*Input data*.

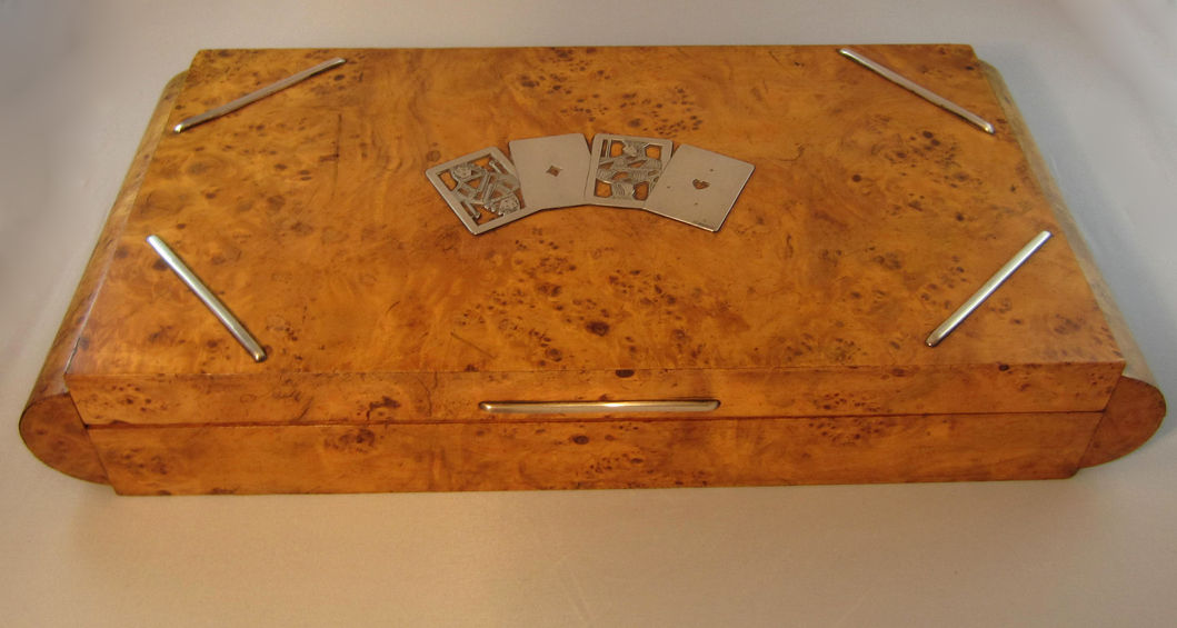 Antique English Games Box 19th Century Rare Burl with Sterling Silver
...
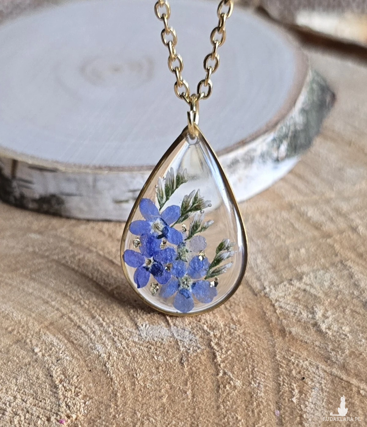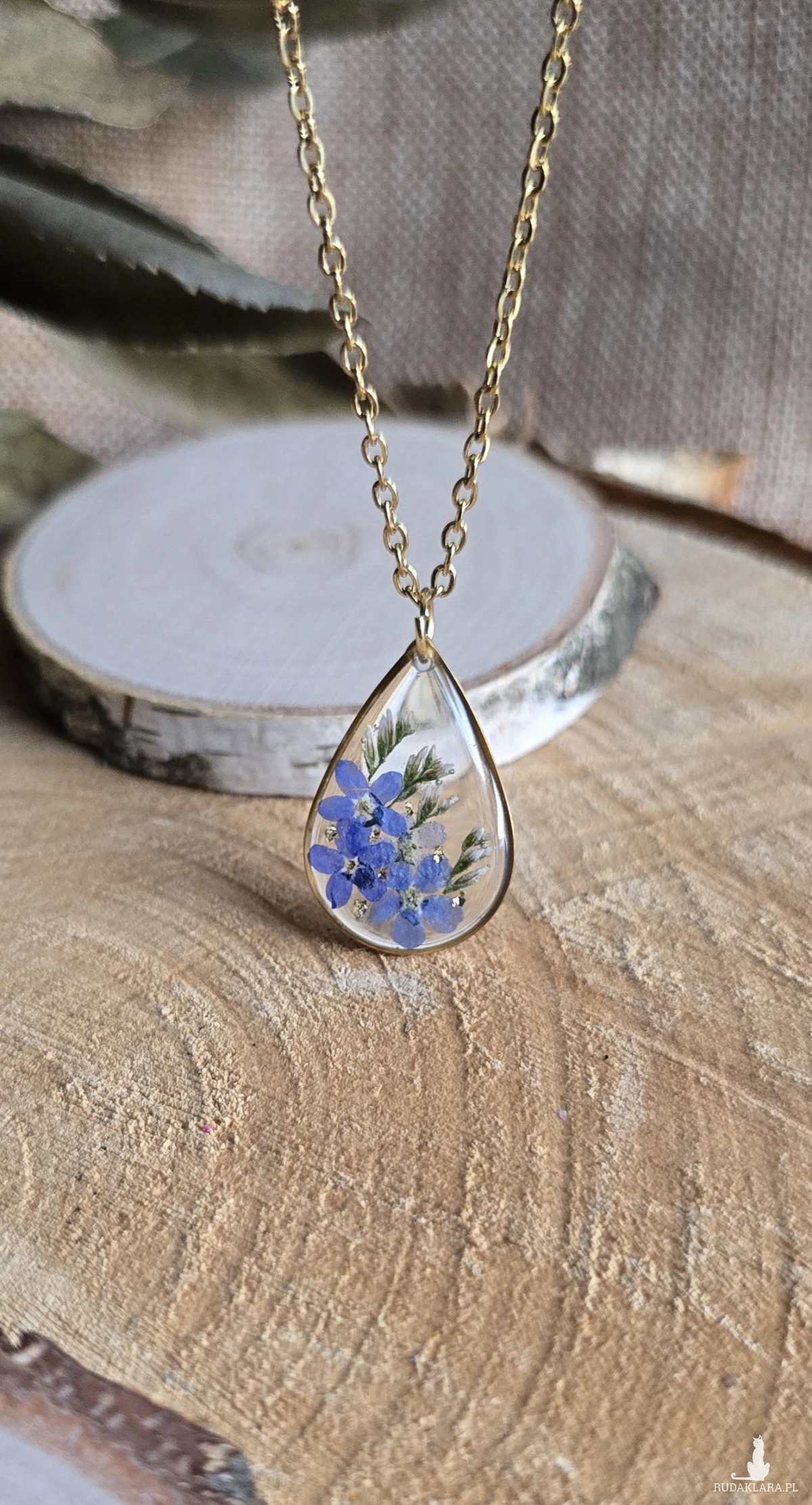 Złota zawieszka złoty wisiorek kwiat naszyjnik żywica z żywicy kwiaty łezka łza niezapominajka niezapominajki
==
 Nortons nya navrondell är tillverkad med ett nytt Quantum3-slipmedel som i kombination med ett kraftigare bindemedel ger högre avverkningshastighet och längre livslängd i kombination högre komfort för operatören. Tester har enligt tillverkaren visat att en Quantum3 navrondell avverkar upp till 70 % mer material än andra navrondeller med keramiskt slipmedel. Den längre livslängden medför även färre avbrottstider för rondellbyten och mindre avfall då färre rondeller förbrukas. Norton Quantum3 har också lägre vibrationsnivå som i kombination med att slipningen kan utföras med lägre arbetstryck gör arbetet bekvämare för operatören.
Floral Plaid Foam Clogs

*Problem*. Everything above from the line containing "Nortons nya navrondell" through the line containing "Floral Plaid Foam Clogs" must be copied exactly. Nothing outside that range belongs in the answer.

*Output below*.
 Nortons nya navrondell är tillverkad med ett nytt Quantum3-slipmedel som i kombination med ett kraftigare bindemedel ger högre avverkningshastighet och längre livslängd i kombination högre komfort för operatören. Tester har enligt tillverkaren visat att en Quantum3 navrondell avverkar upp till 70 % mer material än andra navrondeller med keramiskt slipmedel. Den längre livslängden medför även färre avbrottstider för rondellbyten och mindre avfall då färre rondeller förbrukas. Norton Quantum3 har också lägre vibrationsnivå som i kombination med att slipningen kan utföras med lägre arbetstryck gör arbetet bekvämare för operatören.
Floral Plaid Foam Clogs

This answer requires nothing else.